SQLAlchemy ORM has some features that would simplify your task. It looks like you need to reinvent some wheels already present at the ORM level: "I have a method called getuser that searches for a user in db (by name or id), retrieves the user string and encapsulates it with the user class" - this is what does ORM do.
With ORM, you have a session that, among other things, serves as a cache for ORM objects, so you can avoid loading the same model more than once per transaction. You will find that you need to load the User object to authenticate the request anyway, so not querying the table at all is probably not an option.
You can also configure some attributes lazily loaded , so some rarely required or bulky properties are loaded only when accessing them
You can also set up high-load relationships in a single request, which can save you from hundreds of small individual requests. I mean, in your current design, how many requests will be triggered below:
for user in get_all_users(): print user.get_avatar_uri() print user.get_name() print user.get_about()
from your description, it looks like you might need a 1 + request (num_users * 3). With SQLMalchemy ORM, you can load everything in one query.
Conclusion: selecting one object from the database by its primary key is a reasonably cheap operation, you should not worry about it if you do not create something the size of facebook. What you need to worry about is making hundreds of small individual queries where one larger query will suffice. This is an area where SQLAlchemy ORM is very, very good.

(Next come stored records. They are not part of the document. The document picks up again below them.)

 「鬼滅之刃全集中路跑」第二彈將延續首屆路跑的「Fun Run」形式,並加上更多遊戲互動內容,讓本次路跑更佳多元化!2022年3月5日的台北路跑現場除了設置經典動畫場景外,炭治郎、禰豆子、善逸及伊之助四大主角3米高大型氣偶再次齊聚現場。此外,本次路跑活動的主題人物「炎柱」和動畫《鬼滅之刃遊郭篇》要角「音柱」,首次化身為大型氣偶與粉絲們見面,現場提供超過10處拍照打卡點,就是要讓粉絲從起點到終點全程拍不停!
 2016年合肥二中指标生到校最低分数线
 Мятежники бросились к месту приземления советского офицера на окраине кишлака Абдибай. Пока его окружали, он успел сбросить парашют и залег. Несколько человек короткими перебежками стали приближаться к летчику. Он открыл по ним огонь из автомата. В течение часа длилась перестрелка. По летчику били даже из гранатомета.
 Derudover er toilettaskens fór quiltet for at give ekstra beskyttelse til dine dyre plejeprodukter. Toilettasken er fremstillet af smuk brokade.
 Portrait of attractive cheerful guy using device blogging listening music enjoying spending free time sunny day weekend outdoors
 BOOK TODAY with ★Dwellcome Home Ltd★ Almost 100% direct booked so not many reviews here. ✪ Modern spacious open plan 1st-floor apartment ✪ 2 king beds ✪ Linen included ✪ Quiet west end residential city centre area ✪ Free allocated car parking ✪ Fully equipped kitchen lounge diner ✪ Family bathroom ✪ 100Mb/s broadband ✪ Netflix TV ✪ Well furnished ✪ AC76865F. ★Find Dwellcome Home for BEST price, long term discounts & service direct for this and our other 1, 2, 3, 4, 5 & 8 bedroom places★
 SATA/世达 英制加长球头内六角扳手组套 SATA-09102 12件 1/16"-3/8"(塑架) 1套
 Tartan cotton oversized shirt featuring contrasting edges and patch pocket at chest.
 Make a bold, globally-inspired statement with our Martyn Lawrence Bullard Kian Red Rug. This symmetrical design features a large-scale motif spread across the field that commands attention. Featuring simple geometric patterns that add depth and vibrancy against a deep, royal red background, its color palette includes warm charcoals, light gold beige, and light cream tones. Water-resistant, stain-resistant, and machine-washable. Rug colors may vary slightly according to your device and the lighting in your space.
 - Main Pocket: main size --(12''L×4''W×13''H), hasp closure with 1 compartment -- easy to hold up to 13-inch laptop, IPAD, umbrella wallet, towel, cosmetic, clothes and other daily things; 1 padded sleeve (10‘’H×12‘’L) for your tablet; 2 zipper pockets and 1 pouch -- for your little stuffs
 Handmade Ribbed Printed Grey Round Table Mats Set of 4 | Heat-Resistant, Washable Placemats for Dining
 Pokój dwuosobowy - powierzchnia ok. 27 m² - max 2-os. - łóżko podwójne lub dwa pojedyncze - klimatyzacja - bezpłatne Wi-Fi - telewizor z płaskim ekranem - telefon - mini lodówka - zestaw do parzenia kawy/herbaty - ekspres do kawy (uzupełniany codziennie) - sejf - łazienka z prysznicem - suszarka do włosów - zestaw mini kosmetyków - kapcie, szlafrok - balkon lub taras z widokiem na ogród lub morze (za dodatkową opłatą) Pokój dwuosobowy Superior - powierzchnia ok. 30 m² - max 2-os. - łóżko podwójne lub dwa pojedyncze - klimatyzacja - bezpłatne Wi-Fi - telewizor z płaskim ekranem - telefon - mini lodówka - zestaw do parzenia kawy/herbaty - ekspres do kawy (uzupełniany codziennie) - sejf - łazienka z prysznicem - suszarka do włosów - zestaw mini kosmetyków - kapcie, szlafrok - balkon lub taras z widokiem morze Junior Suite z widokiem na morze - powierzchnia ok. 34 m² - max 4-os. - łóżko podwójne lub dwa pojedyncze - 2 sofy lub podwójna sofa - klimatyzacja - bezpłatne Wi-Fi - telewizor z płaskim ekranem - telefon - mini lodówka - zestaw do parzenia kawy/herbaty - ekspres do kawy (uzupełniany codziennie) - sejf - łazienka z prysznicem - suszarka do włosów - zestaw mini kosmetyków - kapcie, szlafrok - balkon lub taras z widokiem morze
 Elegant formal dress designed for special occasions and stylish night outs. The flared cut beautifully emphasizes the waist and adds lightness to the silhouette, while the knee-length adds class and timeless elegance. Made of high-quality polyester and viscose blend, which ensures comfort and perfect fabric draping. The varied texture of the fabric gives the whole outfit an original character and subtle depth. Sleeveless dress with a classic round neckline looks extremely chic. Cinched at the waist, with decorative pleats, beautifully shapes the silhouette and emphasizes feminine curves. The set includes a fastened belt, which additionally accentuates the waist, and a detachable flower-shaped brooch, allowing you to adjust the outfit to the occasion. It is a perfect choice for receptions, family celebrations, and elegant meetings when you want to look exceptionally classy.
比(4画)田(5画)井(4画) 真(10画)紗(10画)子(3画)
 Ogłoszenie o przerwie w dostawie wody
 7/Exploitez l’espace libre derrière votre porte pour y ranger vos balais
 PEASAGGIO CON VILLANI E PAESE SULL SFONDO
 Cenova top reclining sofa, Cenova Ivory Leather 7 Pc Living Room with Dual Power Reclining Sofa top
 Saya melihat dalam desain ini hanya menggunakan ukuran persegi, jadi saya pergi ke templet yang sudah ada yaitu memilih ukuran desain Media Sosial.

Now, regarding "whether you should spend time creating a user object and looking for a row of users when they donโt even use the extracted data, but just want to make changes to a subset of the columns" - I understand that you are thinking of something like
class ChangePasswordForm(...): def _change_password(self, user_id, new_password): session.execute("UPDATE users ...", user_id, new_password) def save(self, request): self._change_password(request['user_id'], request['password'])
vs
class ChangePasswordForm(...): def save(self, request): user = getuser(request['user_id']) user.change_password(request['password'])
In the previous example, only one query will be issued, the latter will have to issue a SELECT and build a User object, and then issue UPDATE. The latter may seem to be โmore efficient,โ but in a real application the difference may be negligible. In addition, often you will need to get an object from the database in any case, either for verification (the new password cannot be the same as the old password), verification of rights (user Molly allowed to edit the description of photo No. 12343?) Or logging.
If you think that the difference in the additional request will be important (millions of users constantly edit their profile images), then you probably need to do some profiling and see where the bottlenecks are.